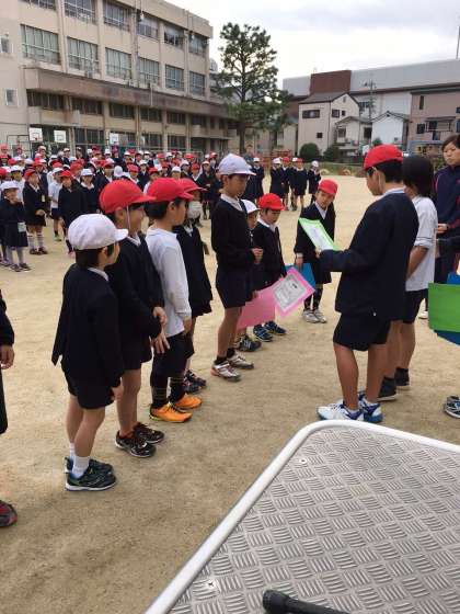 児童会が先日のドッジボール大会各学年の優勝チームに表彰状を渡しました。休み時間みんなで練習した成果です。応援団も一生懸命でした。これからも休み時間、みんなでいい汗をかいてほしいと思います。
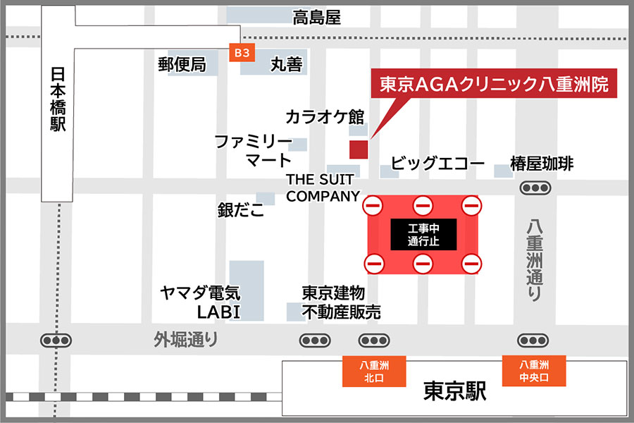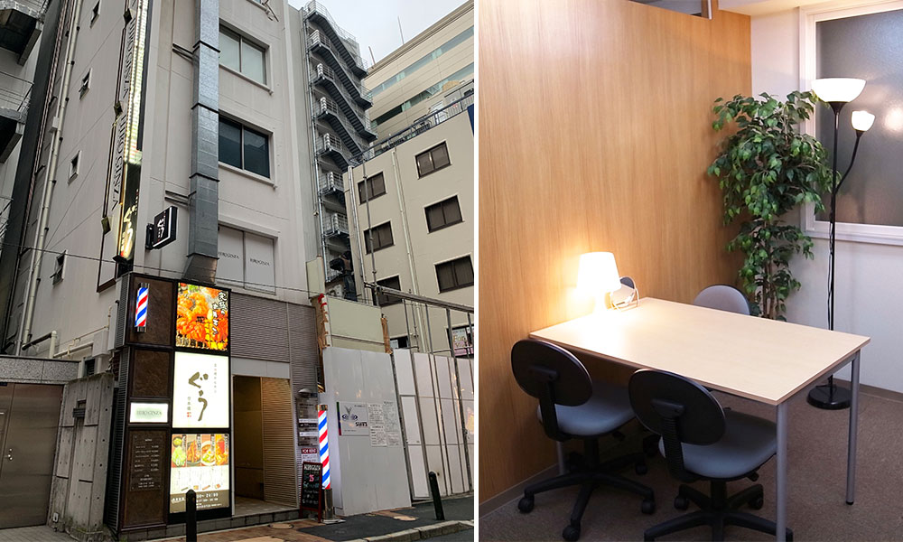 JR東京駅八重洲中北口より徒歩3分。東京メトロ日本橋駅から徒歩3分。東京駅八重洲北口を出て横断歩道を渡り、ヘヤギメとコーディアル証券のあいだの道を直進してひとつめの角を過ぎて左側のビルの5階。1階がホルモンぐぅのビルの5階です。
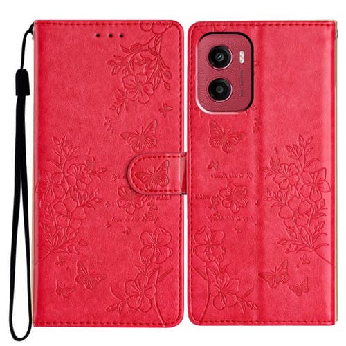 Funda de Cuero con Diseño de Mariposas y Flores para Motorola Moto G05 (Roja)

◆ **How to complete this task**
Everything but the pictures is needed: copy the data above exactly.

◆ **Response to this exercise**
 児童会が先日のドッジボール大会各学年の優勝チームに表彰状を渡しました。休み時間みんなで練習した成果です。応援団も一生懸命でした。これからも休み時間、みんなでいい汗をかいてほしいと思います。
 JR東京駅八重洲中北口より徒歩3分。東京メトロ日本橋駅から徒歩3分。東京駅八重洲北口を出て横断歩道を渡り、ヘヤギメとコーディアル証券のあいだの道を直進してひとつめの角を過ぎて左側のビルの5階。1階がホルモンぐぅのビルの5階です。
 Funda de Cuero con Diseño de Mariposas y Flores para Motorola Moto G05 (Roja)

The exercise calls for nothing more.